The use of a single dose of intra-articular antibiotic (IAA) has been reported in reducing the rate of prosthetic joint injection after total hip and knee arthroplasty. A.W.R. Burns et al examined the safety of IAA in primary hip and knee replacement surgery and the blood levels and joint fluid levels of vancomycin utilising this technique. It has been published in “Journal of Orthopaedics.

From August to October 2021, 68 patients undergoing primary total joint arthroplasty (THA & TKA) were given 1g vancomycin intra-articularly (IA) after closure of the fascia. All patients received 2g cefazolin intravenously (IV) 30 min prior to the procedure as is the standard prophylaxis, and 21 of the patients (IA + IV) were also administered an additional 1 gm vancomycin IV. Post-operative blood vancomycin, creatinine and eGFR level monitoring was performed day1 and day3. To determine the post-operative intra-articular vancomycin levels, surgical drain fluid was sampled at day 1 and 2, in 10 patients.

Key findings of the study were:

• In the group where vancomycin was injected after fascial closure, the average blood vancomycin level day 1 was 5.2 μg/ml (range 2.0–10.9) and day 3 was < 1.4 μg/ml.

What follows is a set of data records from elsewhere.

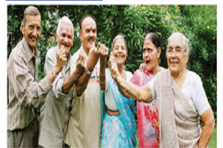
Atal Vayo Abhyuday Yojana 2023

(A) अटल वयो अभ्युदय योजना भारत में वरिष्ठ नागरिकों सशक्त बनाने के उद्देश्य से एक व्यापक पहल है। इसे सामाजिक न्याय और अधिकारिता मंत्रालय द्वारा पेश किया गया था। यह योजना बुजुर्गों द्वारा समाज में किए गए अमूल्य योगदान को मान्यता देती है और उनकी भलाई एवं सामाजिक समावेश सुनिश्चित करना चाहती है।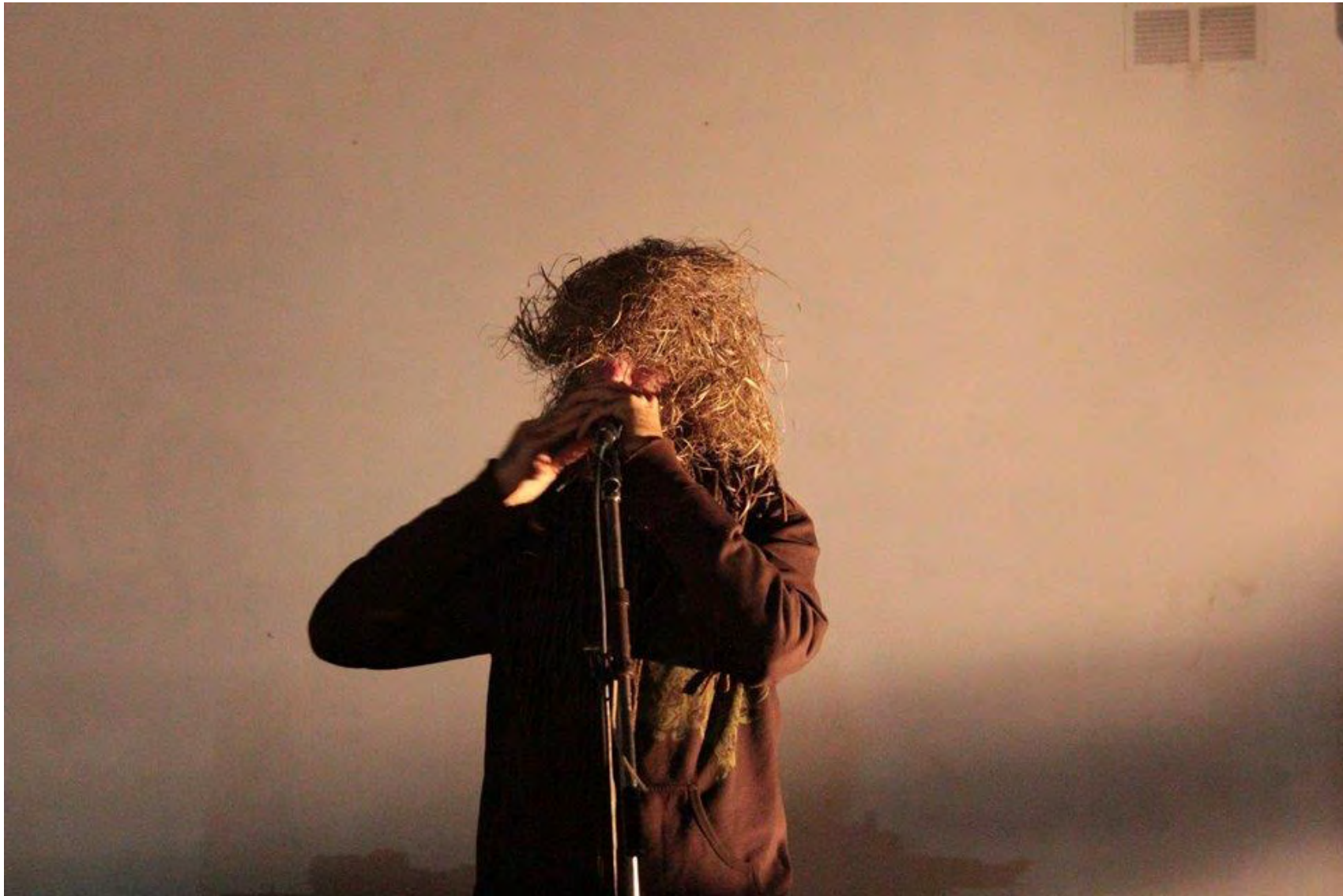
Jornadas Performance. MEM Exhibition Hall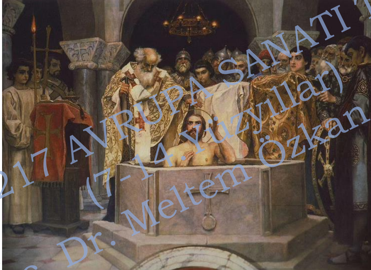
Viktor Mikhailovich Vasnetsov, Saint Prince Vladimir'in Vaftizi (r. 980-1015 CE)

Kaynak: https://www.worldhistory.org/Medieval_Church/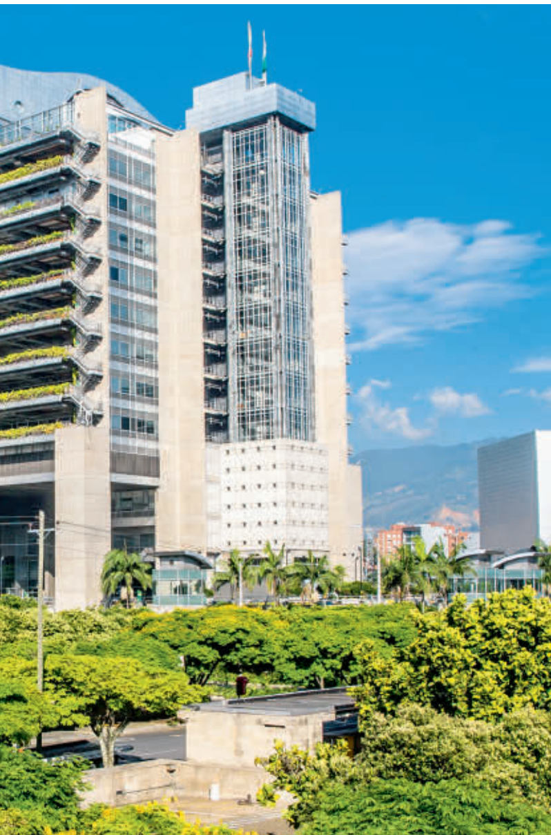
canzó 1,3 billones de pesos.

los planes en Afinia, por mencionar solo algunos de los proyectos estratégicos, exigen recursos de inversión muy cuantiosos”, recordó Vélez de Nicholls, quien agregó que una calificación inferior también po-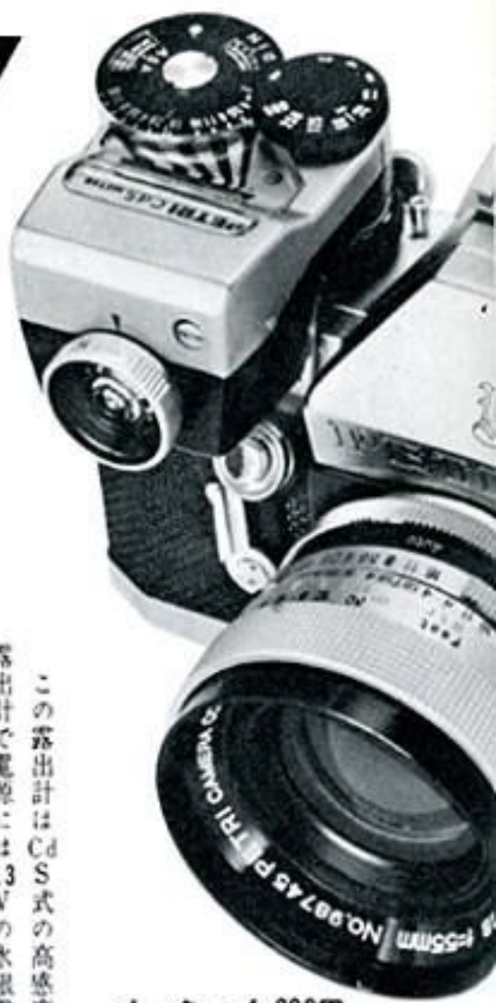
メーター 4,600円 (ケース付)

この露出計はCdS式の高感度露出計で電源には1.3Vの水銀電池を使用します。ASA 100フィルムではLV2-LV18に連動し、ASA目盛は6-3、200(DIN目盛9-36)です。この露出計を取付けると、露光に関する心配は全く解消して写せます。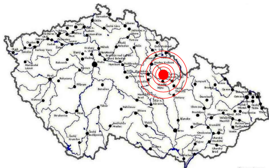
UMÍSTĚNÍ V RÁMCI ČR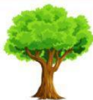
arbre o ardre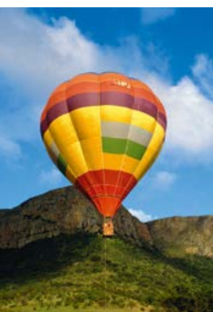
Vanuit een heteluchtballon kunt u op een bijzondere wijze genieten van het landschap.

vooral gebruikt door bezoekers die vlak voor sluitingstijd arriveren. Maar laat u daardoor niet afschrikken: op de weg tussen Orpen en Satara is er een grote kans dat u leeuwen, gevlekte hyena's of andere grote roofdieren zult zien, en de omgeving van het kamp Crocodile Bridge is bij uitstek geschikt voor het observeren van neushoorns.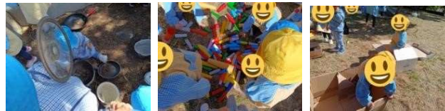
Figura 113 a 115

Neste dia, duas turmas do infantário e uma do jardim de infância do edifício superior fizeram diferentes atividades com as crianças em salas diferentes. Neste dia da parte manhã tinham as caixas de frutas e caixas de cartão para fingir que era uma carruagem do comboio. Numa outra atividade tinham uns tubinhos, para os quais sopravam simulando o apito do comboio, outros fingiam que eram binóculos. Numa outra atividade, havia

• The average pre-op creatinine levels were 69.4 μmol/L (56.1–82.6) compared to 70.2 μmol/L (57.0–83.4) on day 1 and 66.1 μmol/L (52.6–79.6) on day 3, (p = 0.663).

• The average pre-op eGFR levels (ml/ min/1.73 m2) were 82.2 (76.0–88.3) compared to 81.7 (75.6–87.8) on day 1 and 83.0 (76.8–89.2) on day 3 (p = 0.736).

• Samples of joint fluid aspirated from surgical drains on day 1 and day 2 showed average vancomycin levels of 224 μg/ml and 51 μg/ml respectively, significantly higher than the MIC for Staph aureus.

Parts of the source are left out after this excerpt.